Nonetheless, at least on the evidence presented so far, the indictment of Mr. DeLay by a state prosecutor in Texas gives us pause. The charge concerns the activities of Texans for a Republican Majority (TRMPAC), a political action committee created by Mr. DeLay and his aides to orchestrate the GOP's takeover of the Texas legislature in 2002. The issue is whether Mr. DeLay and his political aides illegally used the group to evade the state's ban on corporate contributions to candidates. The indictment alleges that TRMPAC took $155,000 in corporate contributions and then sent a check for $190,000 to the national Republican Party's "soft money" arm. The national committee then wrote $190,000 in checks from its noncorporate accounts to seven Texas candidates. Perhaps most damning, TRMPAC dictated the precise amount and recipients of those donations.
The Los Angeles Times editorializes that the real scandal concerning Delay is not what he did in Texas, but what he truly believes in:
the real scandal in Washington, as someone once said, isn't what's illegal, it's what's legal. DeLay has practically made a career out of testing the boundaries on ethics — and going far beyond them politically. The House Ethics Committee knows him on a first-name basis, having admonished him three times in the last year for activity that stretches back more than four years. The Texas grand jury that indicted him on Wednesday has been investigating possible legal violations by DeLay and his associates for months.
Yet DeLay is more than the sum of his ethical lapses. He also has a long history of hypocrisy. During the Clinton administration, he criticized the bombing of Kosovo, saying that U.S. foreign policy was "formulated by the Unabomber"; six years later he chastised Democrats for criticizing U.S. policy in Iraq, saying they were "putting American lives at risk." His calls for the federal government to play a smaller role in Americans' lives were betrayed by his demands that it intervene in the case of Terri Schiavo.

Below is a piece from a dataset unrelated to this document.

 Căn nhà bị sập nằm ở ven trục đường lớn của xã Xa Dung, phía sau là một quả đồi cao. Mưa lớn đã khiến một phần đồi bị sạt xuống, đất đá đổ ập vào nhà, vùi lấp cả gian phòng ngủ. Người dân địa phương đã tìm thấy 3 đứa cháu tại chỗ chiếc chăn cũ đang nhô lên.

Hypocrisy is the occupational hazard of politics. DeLay, however, is a special case, a partisan so unprincipled that not even his allies pretend that he stands for anything; his nickname, "The Hammer," comes from his ability to enforce party discipline. DeLay's indictment will lead to an increase in demagoguery on both sides of the aisle. But the real problem isn't what DeLay may have done, it's what he stands for.
4 Comments:
IMHO, Tom DeLay makes the late Richard Milhous Nixon look like a Boy Scout Leader and former Speaker Newt Gingrich look like a choir boy.

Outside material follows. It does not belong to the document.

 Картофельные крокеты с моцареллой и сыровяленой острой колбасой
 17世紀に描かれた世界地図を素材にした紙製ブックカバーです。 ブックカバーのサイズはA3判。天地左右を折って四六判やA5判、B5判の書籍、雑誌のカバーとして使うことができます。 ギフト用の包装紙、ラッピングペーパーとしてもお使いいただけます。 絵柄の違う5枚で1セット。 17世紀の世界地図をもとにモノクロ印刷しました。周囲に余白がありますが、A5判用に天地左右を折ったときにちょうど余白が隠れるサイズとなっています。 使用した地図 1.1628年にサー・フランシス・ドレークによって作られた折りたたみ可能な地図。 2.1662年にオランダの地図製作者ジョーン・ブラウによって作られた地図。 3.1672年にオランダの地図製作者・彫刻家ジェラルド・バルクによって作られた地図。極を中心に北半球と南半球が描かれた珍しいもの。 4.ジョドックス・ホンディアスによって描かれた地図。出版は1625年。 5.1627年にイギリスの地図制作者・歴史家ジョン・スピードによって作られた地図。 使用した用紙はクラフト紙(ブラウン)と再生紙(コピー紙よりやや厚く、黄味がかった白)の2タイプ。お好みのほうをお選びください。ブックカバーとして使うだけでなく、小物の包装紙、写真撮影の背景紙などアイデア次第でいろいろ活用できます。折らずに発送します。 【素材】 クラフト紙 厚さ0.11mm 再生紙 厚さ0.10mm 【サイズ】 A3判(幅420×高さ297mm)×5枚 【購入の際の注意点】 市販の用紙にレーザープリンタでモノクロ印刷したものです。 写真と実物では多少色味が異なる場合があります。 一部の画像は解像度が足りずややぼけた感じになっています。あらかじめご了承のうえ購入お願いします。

The Republicans need to get rid of him and the Democrats need to start acting like leaders and not just a bunch of whiners.
One has to wonder if there will EVER be a scenario where the moderates from both sides of the aisle can have their day to demonstrate bipartisanship and leadership.

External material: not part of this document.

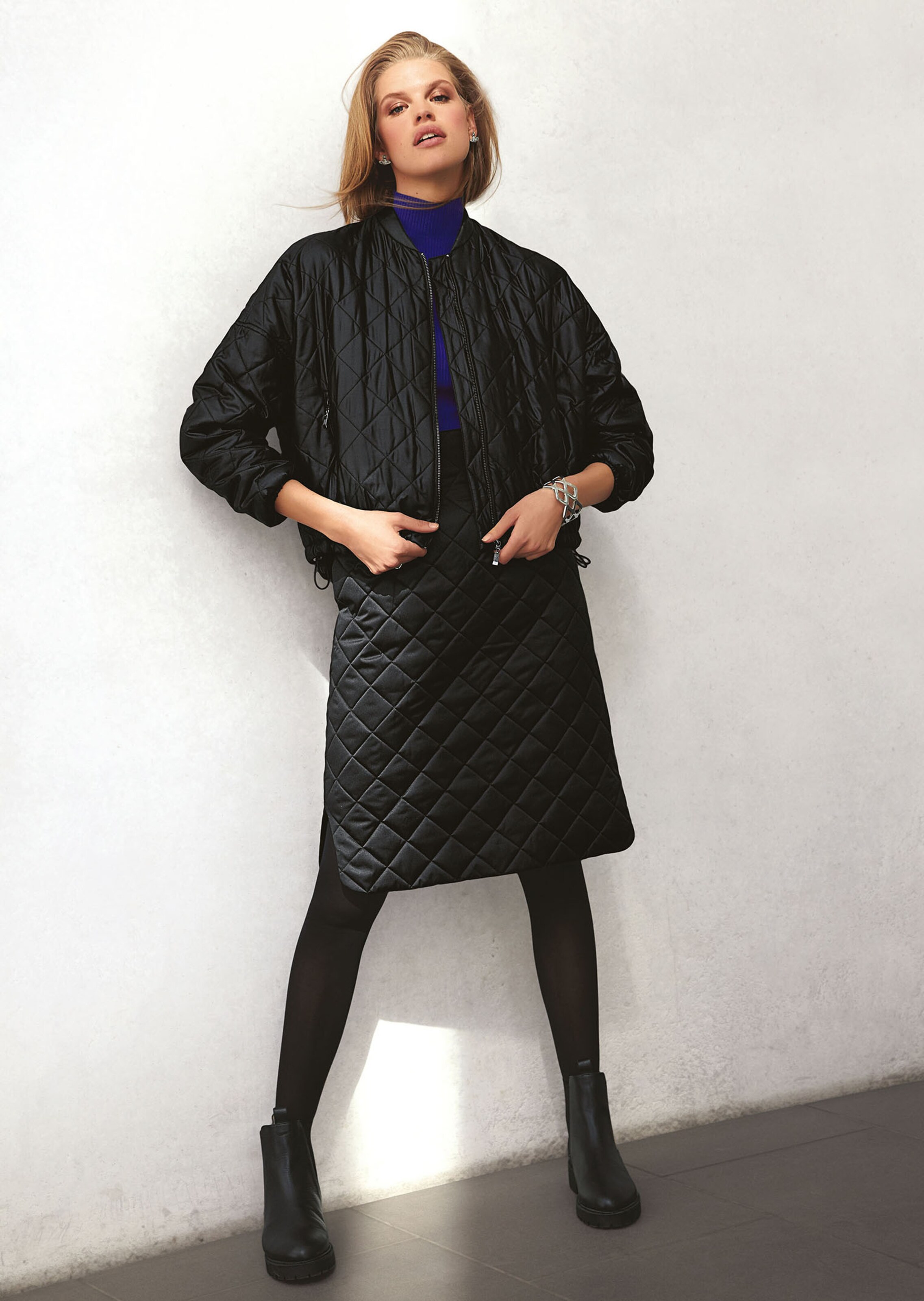 Stijlvolle winterfavoriet met decoratief ruitstiksel. Modieuze highwaist-stijl in licht uitlopende lijn; met gestreken vouwen aan de voorkant, zakken in de naad opzij en afgeronde splitten opzij. Rits achter in de naad.

Corruption swears allegiance to no party though it probably favors the party in power. One measure of character is how swiftly the corruption is dealt with.
...and EVERYTHING is bigger in Texas! ;-)
Dorsano is right. Both parties are filled with bought and paid for politicians. Being the majority party just means the spotlight is on you more than the minority.
Notice how the accused wrongdoing in TX occured while the republicans were the minority party, but have come into the light at this time.
America needs serious campaign finance reform.